I didn’t show what was going on under the hood with the FastAI wrapper, but if you look at the source code you’ll see that the line spacy = WordTokenizer() assumes that the base language we’re dealing with is English. You can of course pass in a language code to the WordTokenizer initialization, but since it uses Spacy under the hood here and since Balochi isn’t represented as an official language supported by Spacy, when you’re basically out of luck. You hit an error and you can either continue using simplistic algorithms like the ones demonstrated above (essentially splitting on word delimiters) or you can abandon FastAI and dive into Spacy.

At that point, you’ll have to start implementing a whole bunch of things yourself in order to get going quickly. For example, you’ll ideally want to come up with all the list of punctuation marks, stop words, stemming rules and so on that I mentioned last time. (It might well be that it’s possible to get up and running faster for a non-standard language with Spacy, but it wasn’t clear to me how to do that.)

I do actually now intend to make a contribution to the Spacy repo to have Balochi represented there, and to open the window for others to contribute to the language metadata directly, but that didn’t help me in the moment. You’ll notice that I didn’t show how you can save a serialized version of the Spacy/FastAI tokeniser because I wasn’t able to figure out how to get access to the underlying Spacy object. I’m sure it’s possible since I can read the Spacy API documentation showing which method to use but FastAI didn’t itself expose this functionality directly.

My initial impression from working with both libraries and spending some time with their documentation is that Spacy might end up being more useful for low-resource languages given the extent to which they support a more complete range of old-school NLP methods and techniques. That said, the 🤗 Tokenizers library was much easier to get up and running with and I think it’s a great option for anyone who wants to get started quickly with tokenization. They support most of the major algorithms you’d ever need to use and if they don’t you can always implement something yourself to extend it.

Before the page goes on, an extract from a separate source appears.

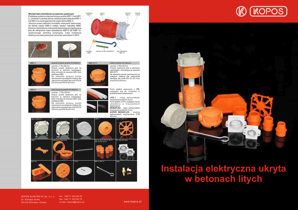 Montaż haka oświetlenia na szalunku poziomym Podstawę systemu stanowi korpus puszki KBT-1 lub KBT2, na którym z jednej strony osadzane jest wieczko KBV-1 lub KBV-2 a na drugiej stronie część dolna KBS-3. Jeszcze przed zalaniem kompletu mieszanki betonowej, do dolnej części KBS-3 należy włożyć nakrętkę KBM, która po utwardzeniu mieszanki betonowej przygotowana jest do wkręcenia haka oświetlenia KBP-9 lub KBP-10, opatrzonego osłonką izolacyjną. Cała instalacja elektryczna zakrywana jest na koniec wieczkiem V 68 S. podstawa KBS-3 nakrętka KBM KBT-1 KBT-2 wysoki korpus puszki do betonu korpus KBT-1 wieczko KBV-2 osłonka na hak oświetlenia KBT-3/71 wieczko V 68 S hak oświetlenia KBP-10 niska puszka do betonu rozmiar: Ć 78 x 68 mm Korpus puszki opatrzony jest na końcach w element osadzający, który wchodzi do wieczka KBV oraz podstawy KBS. Na obwodzie korpusu puszki zaznaczone są wstępnie miejsca dla utworzenia wpustów dla rurek EN 32 (32 mm) oraz EN 25 (25 mm). rozmiar: Ć 69 x 50 mm Puszka opatrzona jest w elementy osadzające, wchodzące do wieczka KBV-2/71. Na obwodzie puszki zaznaczone są wstępnie miejsca dla utworzenia wpustów dla rurek EN 25 (25 mm) oraz EN 20 (20 mm). niski korpus puszki do betonu Rurki giętkie wykonane z PE, nadające się do instalacji w prefabrykatach betonowych. rozmiar: Ć 78 x 49 mm Korpus puszki opatrzony jest na końcach w element osadzający, który wchodzi do wieczka KBV oraz podstawy KBS. Na obwodzie korpusu puszki zaznaczone są wstępnie miejsca dla utworzenia wpustów dla rurek EN 25 (25 mm) oraz EN 20 (20 mm). LPE-1 - niska wytrzymałość mechaniczna (320 N / 5 cm). Rurki giętkie z PVC nadające się do układania w mieszankach betonowych. MONOFLEX - niska wytrzymałość mechaniczna (320 N / 5 cm). SUPER MONOFLEX - średnia wytrzymałość mechaniczna (750 N/5 cm). KBV-2, KBV-2/71 KBV-1 KBV-3 KBS-2 KBP-1, KBP-1/71 KBE-1 NRB 60/12, NRB 60/24 KBP-8 BK 16, BK 20, BK 25, BK 32, BK 16 CSN, BK 23 BV 1620, BV 2532 KBS-120 KBS-3 V 68 S KBP-9, KBP-10 KBM Instalacja elektryczna ukryta w betonach litych KOPOS ELEKTRO PL Sp. z o. o. Ul. Klimasa 42/46 50-515 Wroclaw, Polska tel.: +48 71 333 66 53 fax: +48 71 333 66 75 e-mail: [email protected] www.kopos.pl Firma KOPOS KOLÍN oferuje przemyślany system układania instalacji w betonowych konstrukcjach litych. Elektroinstalacyjny program betonowy składa się z poszczególnych komponentów, których wzajemna kombinacja pozwala na zastosowanie tych wyrobów w różnych wariantach, występujących w obiektach budowlanych realizowanych w oparciu o technologię litych mieszanek betonowych wlewanych do szalunków albo przy produkcji prefabrykatów panelowych, takich jak elementy ścienne lub stropowe. Materiał elektroinstalacyjny przeznaczony dla układania przewodów elektrycznych w betonie musi być odporny na uszkodzenia mechaniczne przykładowo podczas montażu i unieruchamianiu materiału w szalunku; materiał ten musi być również odporny na wypadek przedostania się mieszanki betonowej do rurek. Materiał musi również spełniać wymagania dotyczące obciążeń cieplnych, w sytuacji kiedy temperatura podczas montażu w okresie zimowym może obniżyć się nawet do poziomu -15°C a przy ogrzewaniu mieszanki betonowej może wzrosnąć nawet do +90°C. Program układania instalacji elektrycznych w betonie oferowany przez firmę KOPOS wykonany jest z polipropylenu bezhalogenowego o odporności cieplnej w zakresie -25°C do +105°C oraz z polietylenu bezhalogenowego o odporności cieplnej w zakresie -30°C do +70°C, krótkotrwale nawet +90°C. Zgodnie z wymaganiami normy ČSN EN 60 670-1 art. 18 wyroby z tych materiałów spełniają wymagania próby wytrzymałości na nadmierne ocieplenie oraz palenie pętli cieplnej przy temperaturze 650°C. Program betonowy przeznaczony jest dla instalacji rozdzielczych o napięciu do 400 V. Cały program składa się z indywidualnych komponentów, w oparciu o które - odpowiednio do typu budynku, grubości ścian lub sposobu przeznaczenia kombinowane są odpowiednie zestawy. Głównym punktem w zestawie jest puszka względnie jej korpus, do której dołączane są dolne części puszek oraz wieczka; odpowiednio do przeznaczenia zestaw ten uzupełniany jest o podpórki, System puszek dla montażu samodzielnego przyrządu rozpórki, rurki dystansowe oraz drążki, końcówki wylotowe, końcówki oraz dla sprowadzenia systemu rurkowego w jedno miejsce dodatkowym elementem jest puszka zbiorcza. Nieodłączonym elementem systemu są rurki, przy pomocy których dochodzi do połączenia puszek lub wyprowadzenia przewodów na powierzchnię. Do tego celu nadają się rurki giętkie z PVC lub z PE o wytrzymałości mechanicznej równej lub większej niż 320 N. Rozmiar rurki wynika z wstępnie wytłoczonych przepustów na puszce. Dla instalacji rozdzielczych prowadzonych w budynkach betonowych konieczne jest przygotowanie materiału do układania instalacji elektrycznych przed zalaniem mieszanką betonową. Zestawy puszek muszą być przymocowane do szalunku, cały system elektroinstalacyjny zaleca się przymocować przy pomocy pasków ściągających do u s z t y w n i e ń zbrojeniowych, a przepusty wokół rurek wskazane jest uszczelnić s i l i k o n e m . P o zakończeniu dojrzewania mieszanki betonowej oraz po demontażu szalunku, przy użyciu siły należy usunąć czołowe wieczko wyłamywane i wykonać końcowy montaż elektryczny wewnątrz puszek, ewentualnie wskazane jest włożenie haków żyrandolowych o odpowiedniej długości. Sposoby montażu systemu puszek odpowiednio do wyprowadzenia - montaż jednostronny - wyprowadzenie dla instalacji elektrycznej na jedną stronę ściany - montaż dwustronny - wyprowadzenia na obydwie strony ścian odpowiednio do późniejszego zastosowania przyrządów - przyrząd samodzielny - więcej przyrządów bez wspólnej ramki - więcej przyrządów ze wspólną ramką Program instalacji elektrycznych d

Balochi Tokenizers on Huggingface Hub

I’m still working through a way to open up the core dataset (along with constructing as I work), but this first iteration of the tokenizer is now available over on the Huggingface Hub. You can load it for use with the single line:

tokenizer = Tokenizer.from_file("../models/30k-balochi-tokenizer.json")

The organisation is something I created together with some Balochi colleagues who expressed an interest in working together on this effort. I’m really happy to have made their acquaintance and I hope I’ll be able to make steady progress on this project with their help. (If you’re interested in contributing, please request access to the organization and/or contact me for more information.)

While creating the tokenizer repository, I also noted how Balochi (as with Spacy) is not represented as a language recognised by the metadata tracking languages used on the Hub. Frustratingly, you’re asked to input an ISO-639-1 two-letter code to represent the language of the model, but of course Balochi doesn’t have one of those. Balochi only has an ISO-693-2 and ISO-693-3 code. I’ll have to see how we can get Balochi represented on the Hub given all this. It can’t be the first time that this has happened.

Next steps

Now that I have this first iteration complete, I want to reflect a bit on how to know when the tokenizer is ‘good enough’. In particular, how do you evaluate tokenisers? Are there ways of benchmarking this? There must have been work done on this and I want to understand both what the start of the art is as well as how to know when I’ve reached it.

I also watched an extremely rewarding talk on low-resource languages (blog notes to follow!) and there was a section in that which stressed the foundational nature of tokenisation as part of language models. It also highlighted a failure mode where bad tokenisation made a model perform very badly on a certain kind of task. So based on this context I would like to understand how to evaluate tokenisers and how to know when I’ve reached a good enough point.

I also have a grab-bag of odds and ends relating to tokenization (GPU-based tokenization! tiktoken! etc.) that I mean to write up alongside the above.